Below is a diagram showing what is produced for each version when the stream’s cdr is taken (as in calls to stream-ref
). I’ve simplified the expression a bit to just use ‘improve’ to label the internal lambda, and indexed the iterative guesses using the variable x
i for each successive improvement. Note that while Louis’s appears to take up more space, it does not retain any references to previous elements of the stream, meaning that the previously created streams like ss1
can be deleted by the interpreter. In the original version, those streams (labeled g1
, g2
, etc.) need to be preserved, as the later elements of the stream refer back to them.
Exercise 3.64
This procedure needs to take one value and then compare it to the next value in the stream. It thus needs to store one value from the stream and then get the next value of the stream to determine if the two elements are within the specified tolerance. The way I solved it is by using a procedure that takes a single value and a stream. It will compare that value to the car of the stream and return the stream’s car if they are in tolerance. If not, a recursive call is made using the car that was just read as the value and the cdr of the stream as the stream to compare it to.
Exercise 3.65
To express the formula as a stream we can follow the example of pi-summands
and just use the next index as the argument (so that we use all whole numbers). Another approach would be to map the integers
stream using division and flipping the sign when the integer is even. Either way, we use partial-sums
to create the successive approximations. The accelerated streams then apply the appropriate stream transformation to the original partial sum stream.

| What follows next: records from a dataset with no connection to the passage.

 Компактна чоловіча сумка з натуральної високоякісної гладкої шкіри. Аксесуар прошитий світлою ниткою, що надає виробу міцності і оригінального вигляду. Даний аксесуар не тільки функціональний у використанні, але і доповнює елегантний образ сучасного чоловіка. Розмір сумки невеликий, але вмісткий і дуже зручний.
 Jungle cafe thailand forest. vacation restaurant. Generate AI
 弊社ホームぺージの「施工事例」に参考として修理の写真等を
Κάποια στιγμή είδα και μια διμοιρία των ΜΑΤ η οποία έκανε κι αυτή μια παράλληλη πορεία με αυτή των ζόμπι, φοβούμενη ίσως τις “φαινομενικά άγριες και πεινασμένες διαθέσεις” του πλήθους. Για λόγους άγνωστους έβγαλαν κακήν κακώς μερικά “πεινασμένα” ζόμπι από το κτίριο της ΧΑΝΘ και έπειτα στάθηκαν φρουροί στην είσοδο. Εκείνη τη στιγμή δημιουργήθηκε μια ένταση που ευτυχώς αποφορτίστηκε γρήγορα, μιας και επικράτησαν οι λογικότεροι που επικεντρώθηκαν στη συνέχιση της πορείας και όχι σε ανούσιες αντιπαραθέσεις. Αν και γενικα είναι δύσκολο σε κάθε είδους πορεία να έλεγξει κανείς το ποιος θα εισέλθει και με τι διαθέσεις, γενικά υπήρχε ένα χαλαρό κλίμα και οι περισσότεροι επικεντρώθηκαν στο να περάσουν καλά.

Examining the first few results, we find that in ten iterations the original partial sum stream is still almost 0.5 away from the correct answer. Using Euler acceleration converges close to 0.69 by the second term and to the third decimal place within a few more terms. Tableau acceleration takes an extra term to ‘get started’ but within ten terms is accurate to more than ten decimal places. On many systems this quickly turns into an issue of precision, as in fact the sequence cannot compute any more valid terms as the floating-point math can no longer work with differences that are so small. That is an issue with the original pi-summands
approach as well; creating a system that would operate to infinite precision is feasible but well beyond the scope of this section.

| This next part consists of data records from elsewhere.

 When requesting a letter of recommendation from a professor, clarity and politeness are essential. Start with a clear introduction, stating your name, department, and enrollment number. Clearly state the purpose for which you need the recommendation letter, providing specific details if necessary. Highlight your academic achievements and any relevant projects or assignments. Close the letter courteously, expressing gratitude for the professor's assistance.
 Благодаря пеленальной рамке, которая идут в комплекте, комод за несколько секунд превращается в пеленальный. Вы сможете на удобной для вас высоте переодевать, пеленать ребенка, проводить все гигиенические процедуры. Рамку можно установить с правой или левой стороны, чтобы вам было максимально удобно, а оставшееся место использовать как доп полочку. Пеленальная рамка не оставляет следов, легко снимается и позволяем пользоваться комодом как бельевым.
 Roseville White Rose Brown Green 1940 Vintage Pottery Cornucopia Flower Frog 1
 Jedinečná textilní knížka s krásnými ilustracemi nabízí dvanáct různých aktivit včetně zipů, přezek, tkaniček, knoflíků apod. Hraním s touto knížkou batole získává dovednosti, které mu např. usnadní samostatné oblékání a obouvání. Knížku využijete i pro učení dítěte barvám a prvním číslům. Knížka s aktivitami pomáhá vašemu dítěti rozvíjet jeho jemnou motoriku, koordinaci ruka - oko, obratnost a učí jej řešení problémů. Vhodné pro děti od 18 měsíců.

We can compare the number of terms required for a given tolerance to see just how quickly (or slowly) the three approaches arrive to the same precision. Getting to just three decimal places requires 1000 terms for the bare partial sums but only a handful for the accelerated sequences. We can compare the accelerated forms by looking at how quickly they converge to six decimal places and see that the Euler acceleration takes around 60 terms to just 5 for Tableau. The unaccelerated form would take prohibitively long to calculate with that precision.
Exercise 3.66
In spite of what the text implies about ‘qualitative’ statements, the thing I find easier to do is just examine the sequence of output and determine the mathematical pattern it represents. From there, I can work backwards to try and find what the underlying explanation for such a pattern might be. Here’s what we can observe from where certain pairs show up in the sequence:
(1 j) for j = 1 is at 0
for j > 1 will be at (2j – 3)
(2 j) for j = 2 is at 2
for j > 2 has a period of 4 starting at 4 (2 after (2 2))
(3 j) for j = 3 is at 6
for j > 3 has a period of 8 starting at 10 (4 after (3 3))
(4 j) for j = 4 is at 14
for j > 4 has a period of 16 starting at 22 (8 after (4 4))
(5 j) for j = 5 is at 30
for j > 5 has a period of 32 starting at 46 (16 after (5 5))

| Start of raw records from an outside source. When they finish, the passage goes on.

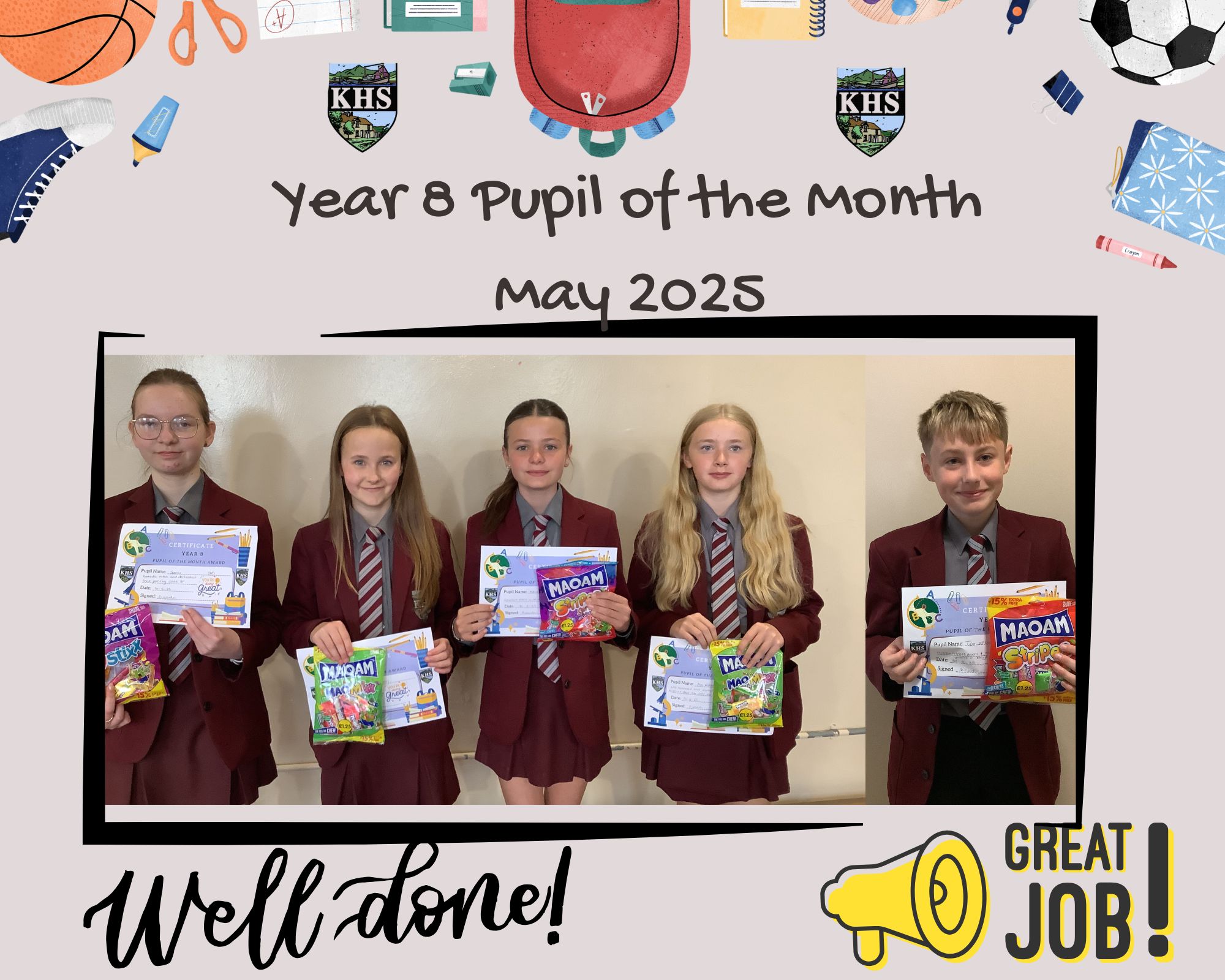 Year 8 pupils Sonnia, Katie, Ava, Abbie and Tyler were nominated as pupil of the month for May. These pupils have worked hard, behaved well and been role models to their peers. Well done Year 8! Keep making us proud!
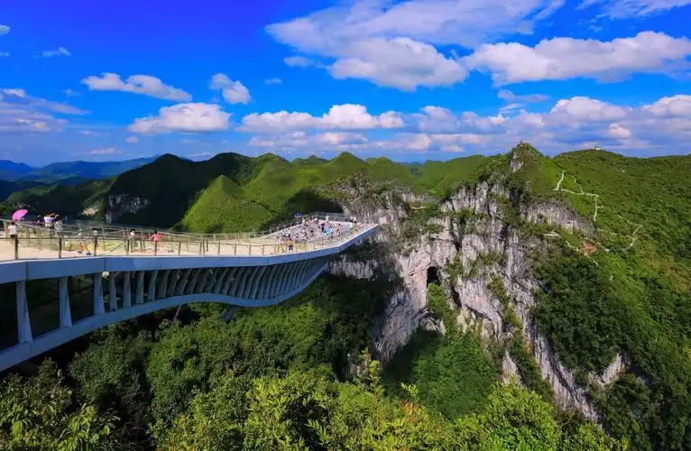 - 特色:世界最大天坑群之一,含大石圍、穿洞、白洞等7個世界級天坑,擁有613米垂直落差、9.6萬平方米地下原始森林、云海天舟懸挑玻璃觀景臺、暗河溶洞及盲魚、幽靈蜘蛛等珍稀生物,提供滑索、速降、探洞等戶外探險(xiǎn)項(xiàng)目。
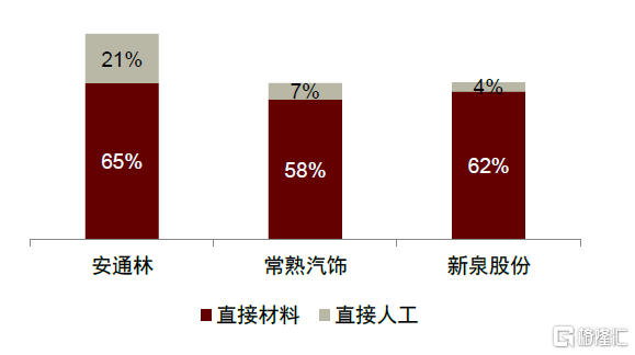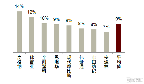 降本壓力下合資整車廠傾向選擇國產內飾件。隨着中國汽車市場進入成熟期,乘用車銷量呈現出負增長、高波動的行業特徵,合資及自主品牌整車廠均面臨較大的成本壓力,同時需要加快車型迭代以獲取更高的市場份額。而內飾件屬於勞動密集型行業,國內廠商憑藉勞動力成本優勢,可採取具有競爭力的產品定價實現市場快速滲透。隨着本土內資飾件企業整體解決方案提供能力的逐步增強,合資品牌在降本壓力下傾向選擇成本更優的國產內飾件,我們認為國內頭部內飾件企業有望實現切入合資乘用車製造商的供應體系,帶來業績高增。
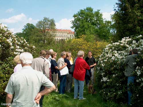 Zur Rhododendronblüte führte Landschaftsarchitekt Ulrich Jarke, etwa 25 Interessierte durch den Park Wiesenburg
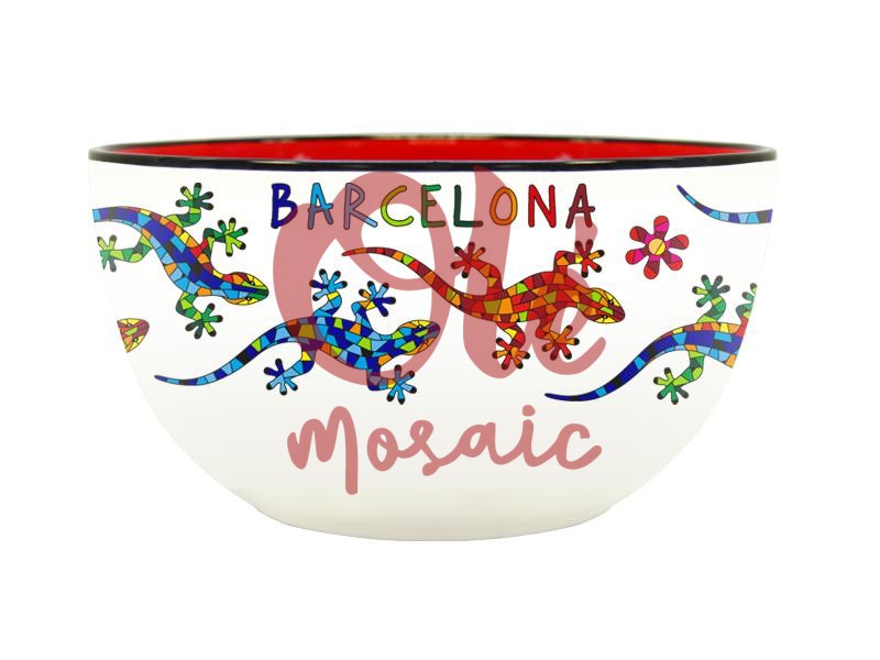 Este cuenco de cerámica de 17 cm está decorado con salamandras de colores, un símbolo entrañable de Barcelona. Su diseño pintado a mano destaca sobre un fondo beige que realza las ilustraciones vivas en azul, rojo y verde, evocando el famoso estilo mosaico de la obra de Antoni Gaudí. En este cuenco, las salamandras, rodeadas de delicadas flores decorativas, parecen cobrar vida, reflejando la vibrante cultura catalana. El interior del cuenco es de un intenso color rojo, creando un atractivo contraste que añade profundidad y carácter a la pieza.
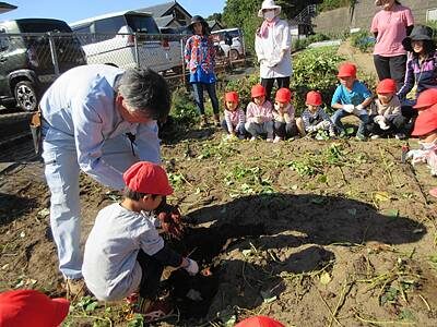 芋の周りを丁寧に掘ってから引っ張る様子をみせてもらいました。
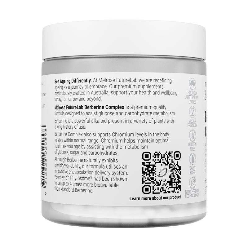 Công thức cao cấp Melrose FutureLab Berberine Complex được thiết kế để hỗ trợ quá trình chuyển hóa glucose và carbohydrate và giúp duy trì cân nặng cơ thể khỏe mạnh. Berberine là một ancaloit mạnh có trong nhiều loại thực vật như nho và nghệ. Berberine Complex cũng hỗ trợ mức Crom trong cơ thể duy trì ở mức bình thường. Crom giúp duy trì sức khỏe tối ưu

Finding where the pair (1 j) occurs is not too difficult to figure out intuitively. The first time pairs
is called it will start interleaving with the stream created from pairing a 1 with all elements of the second stream. That means after the first output of (1 1) followed by (1 2), every alternate member of the output will be one of these pairs. Figuring out where (1 100) is as simple as multiplying by 2 (and subtracting 3 for the initial offset).
To get a more general formula, we need to find a pattern for values of i other than 1. The first time a new value for i shows up it will be in the pair where i = j. The next occurrence with that value i comes at some later point, but from then on it will recur at a fixed interval that is not the same as it took between the first two. The reason for this difference is that the first time, the new pair is coming from the interleaving picking the ‘second’ stream (where both i and j are advancing), and later on the pairs come from the ‘first’ stream (which keeps i the same and advances only j).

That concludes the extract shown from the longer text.